• [Work to complete] Only the lines below from the one that contains "赛前氛围早已被精心烘托:电信" through the one that contains "592531246034_白" should appear in your answer, exact and without pictures.

• [Dataset content]
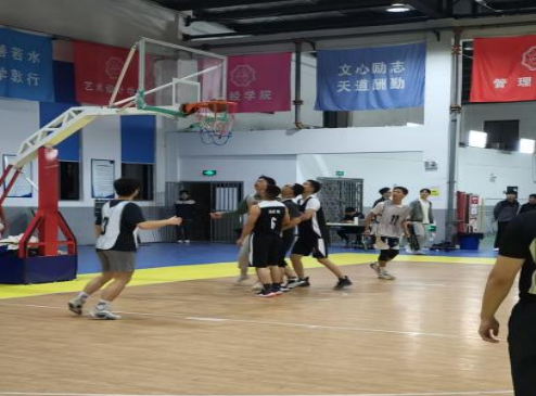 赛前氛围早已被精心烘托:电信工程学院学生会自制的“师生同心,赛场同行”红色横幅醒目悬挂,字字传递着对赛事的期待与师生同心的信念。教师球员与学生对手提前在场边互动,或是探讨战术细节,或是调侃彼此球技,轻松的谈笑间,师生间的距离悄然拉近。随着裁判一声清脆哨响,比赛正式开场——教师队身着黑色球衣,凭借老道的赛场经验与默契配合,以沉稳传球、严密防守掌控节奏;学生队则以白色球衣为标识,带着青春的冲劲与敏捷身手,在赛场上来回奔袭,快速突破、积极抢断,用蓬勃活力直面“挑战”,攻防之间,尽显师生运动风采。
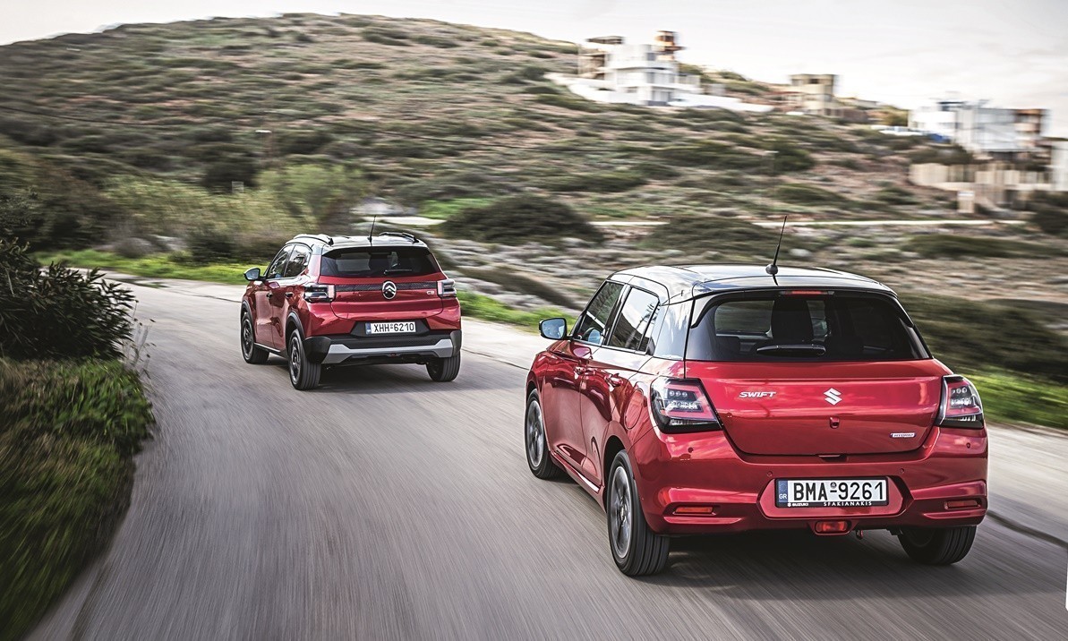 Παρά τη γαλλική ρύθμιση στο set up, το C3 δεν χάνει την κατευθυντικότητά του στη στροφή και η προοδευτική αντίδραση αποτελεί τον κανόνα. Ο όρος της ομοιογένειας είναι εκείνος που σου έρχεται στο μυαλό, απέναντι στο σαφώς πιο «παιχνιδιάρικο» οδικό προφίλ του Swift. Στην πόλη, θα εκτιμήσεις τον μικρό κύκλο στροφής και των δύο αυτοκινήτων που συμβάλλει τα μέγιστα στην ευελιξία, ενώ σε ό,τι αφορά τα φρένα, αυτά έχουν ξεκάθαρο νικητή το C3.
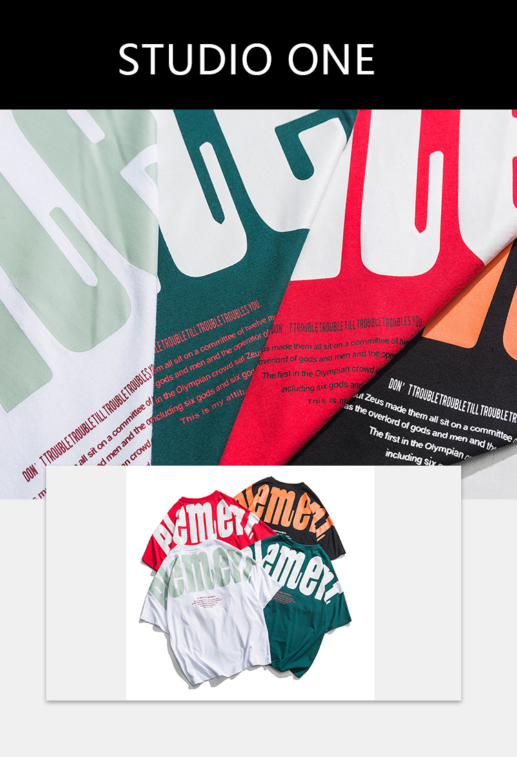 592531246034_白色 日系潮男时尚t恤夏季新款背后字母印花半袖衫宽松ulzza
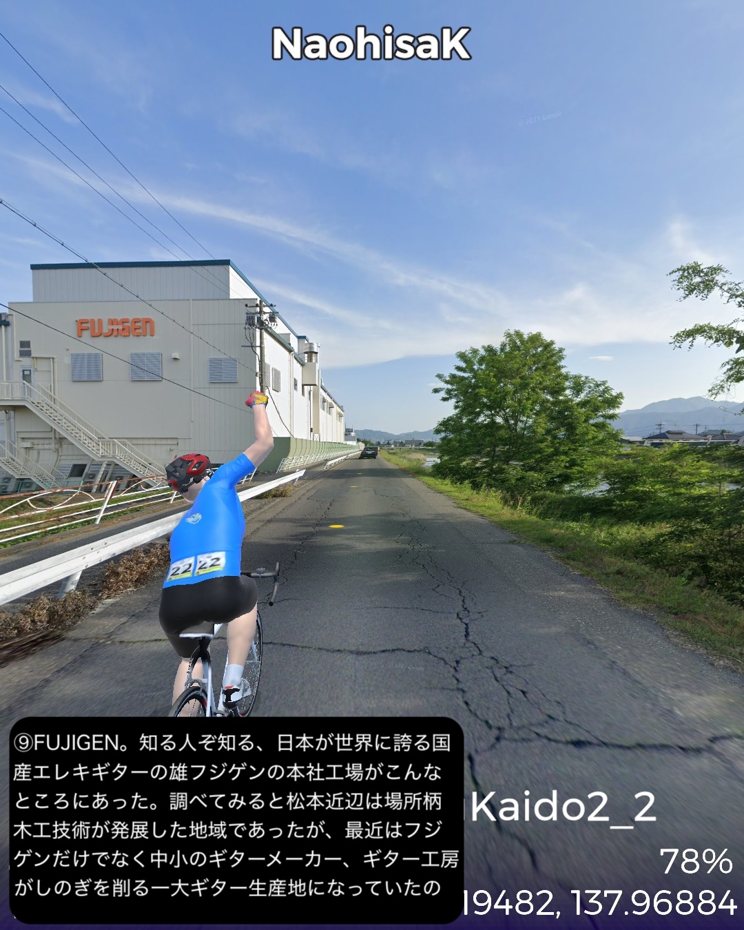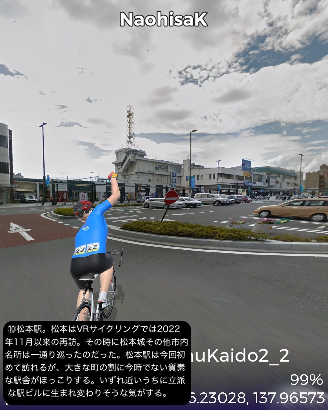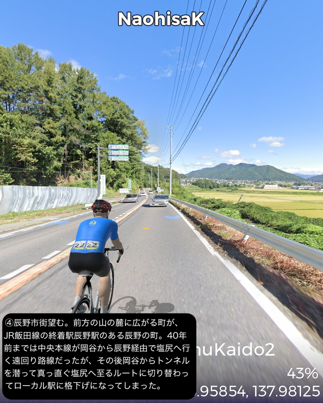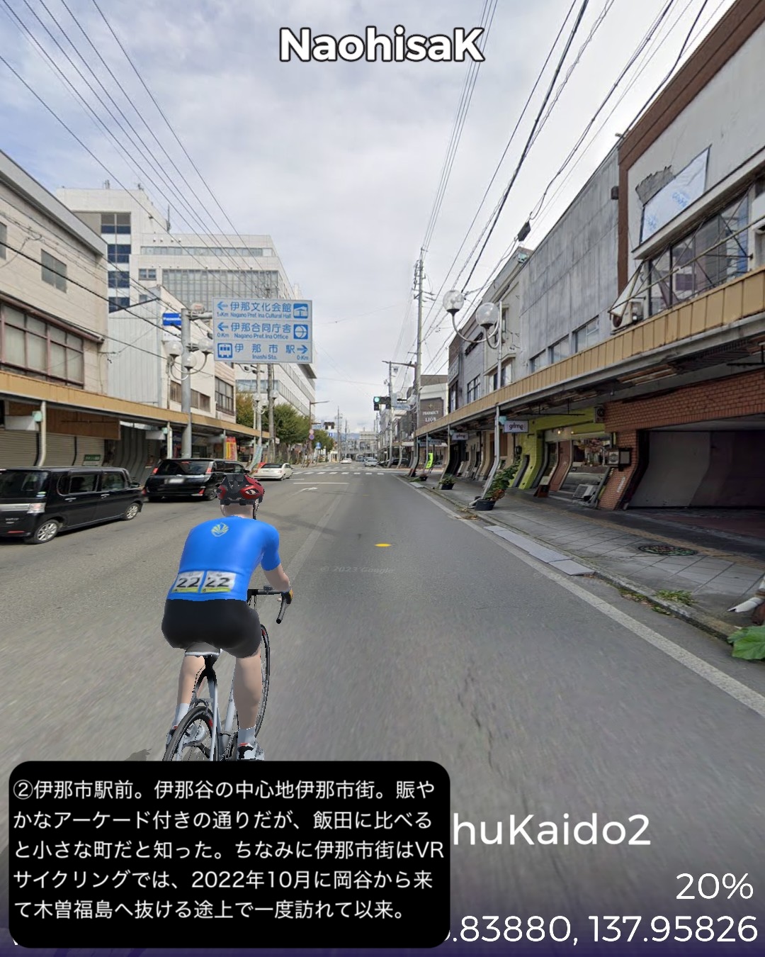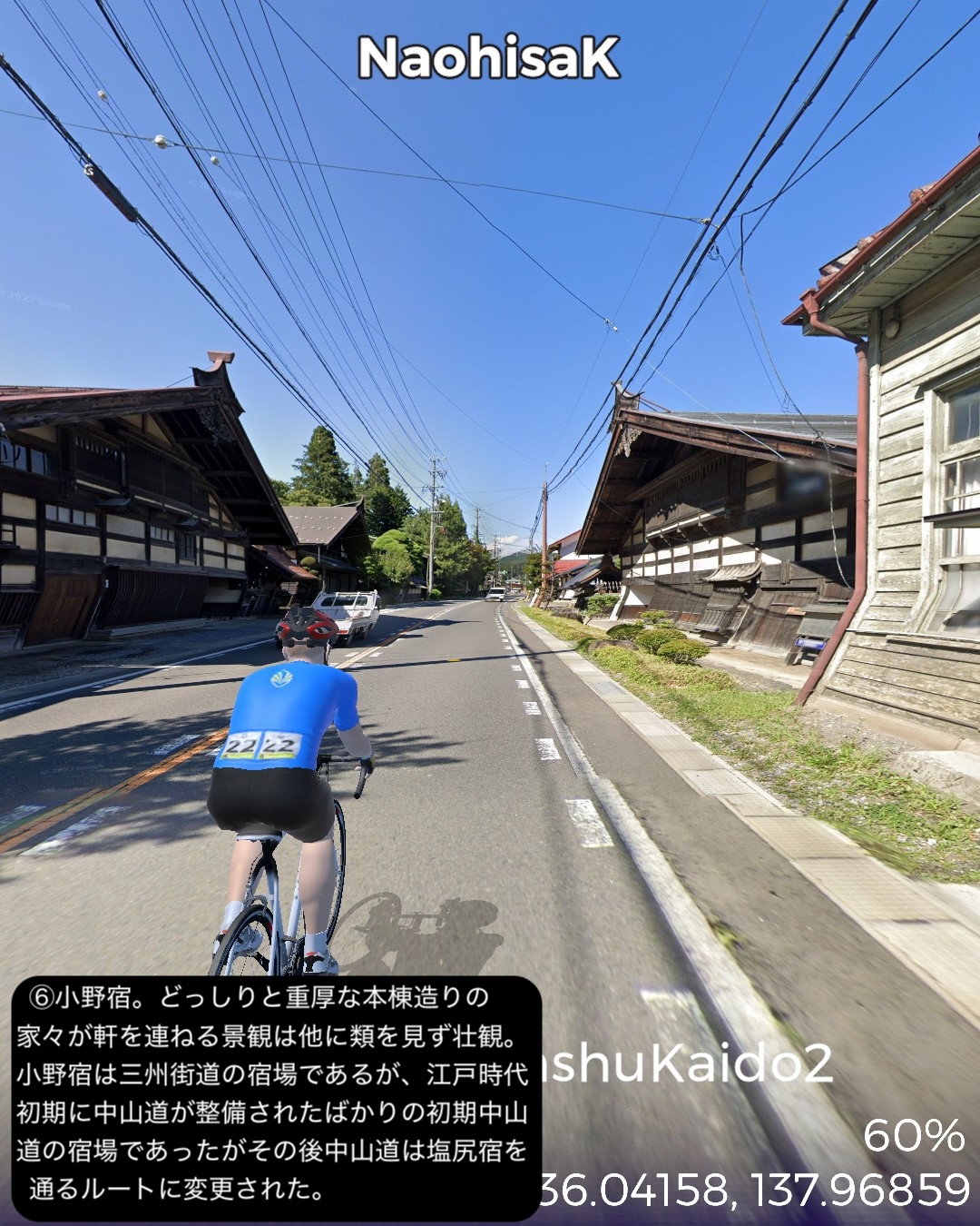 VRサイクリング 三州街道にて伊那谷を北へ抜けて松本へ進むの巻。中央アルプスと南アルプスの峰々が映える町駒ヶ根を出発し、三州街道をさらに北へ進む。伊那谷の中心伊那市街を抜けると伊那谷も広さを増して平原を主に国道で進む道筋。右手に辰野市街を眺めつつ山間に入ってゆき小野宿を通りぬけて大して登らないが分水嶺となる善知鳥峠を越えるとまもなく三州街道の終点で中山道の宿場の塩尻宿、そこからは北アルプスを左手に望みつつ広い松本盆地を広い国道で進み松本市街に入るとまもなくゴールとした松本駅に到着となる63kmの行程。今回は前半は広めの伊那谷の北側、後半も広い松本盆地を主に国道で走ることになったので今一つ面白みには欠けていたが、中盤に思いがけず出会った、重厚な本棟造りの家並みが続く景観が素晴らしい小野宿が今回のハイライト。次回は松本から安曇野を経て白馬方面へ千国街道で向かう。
--
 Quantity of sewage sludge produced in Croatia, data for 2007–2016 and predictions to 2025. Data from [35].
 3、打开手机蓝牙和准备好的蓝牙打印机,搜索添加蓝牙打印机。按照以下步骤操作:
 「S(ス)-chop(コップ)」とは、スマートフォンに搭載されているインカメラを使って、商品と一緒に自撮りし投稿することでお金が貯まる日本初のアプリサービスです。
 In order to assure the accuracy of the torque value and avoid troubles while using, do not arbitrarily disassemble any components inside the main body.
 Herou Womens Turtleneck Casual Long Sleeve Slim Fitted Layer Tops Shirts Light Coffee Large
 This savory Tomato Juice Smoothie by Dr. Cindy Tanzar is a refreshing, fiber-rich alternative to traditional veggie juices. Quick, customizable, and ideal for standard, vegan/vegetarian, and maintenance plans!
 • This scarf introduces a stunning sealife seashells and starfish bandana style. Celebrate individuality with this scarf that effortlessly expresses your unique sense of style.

• [Exercise result]
 赛前氛围早已被精心烘托:电信工程学院学生会自制的“师生同心,赛场同行”红色横幅醒目悬挂,字字传递着对赛事的期待与师生同心的信念。教师球员与学生对手提前在场边互动,或是探讨战术细节,或是调侃彼此球技,轻松的谈笑间,师生间的距离悄然拉近。随着裁判一声清脆哨响,比赛正式开场——教师队身着黑色球衣,凭借老道的赛场经验与默契配合,以沉稳传球、严密防守掌控节奏;学生队则以白色球衣为标识,带着青春的冲劲与敏捷身手,在赛场上来回奔袭,快速突破、积极抢断,用蓬勃活力直面“挑战”,攻防之间,尽显师生运动风采。
 Παρά τη γαλλική ρύθμιση στο set up, το C3 δεν χάνει την κατευθυντικότητά του στη στροφή και η προοδευτική αντίδραση αποτελεί τον κανόνα. Ο όρος της ομοιογένειας είναι εκείνος που σου έρχεται στο μυαλό, απέναντι στο σαφώς πιο «παιχνιδιάρικο» οδικό προφίλ του Swift. Στην πόλη, θα εκτιμήσεις τον μικρό κύκλο στροφής και των δύο αυτοκινήτων που συμβάλλει τα μέγιστα στην ευελιξία, ενώ σε ό,τι αφορά τα φρένα, αυτά έχουν ξεκάθαρο νικητή το C3.
 592531246034_白色 日系潮男时尚t恤夏季新款背后字母印花半袖衫宽松ulzza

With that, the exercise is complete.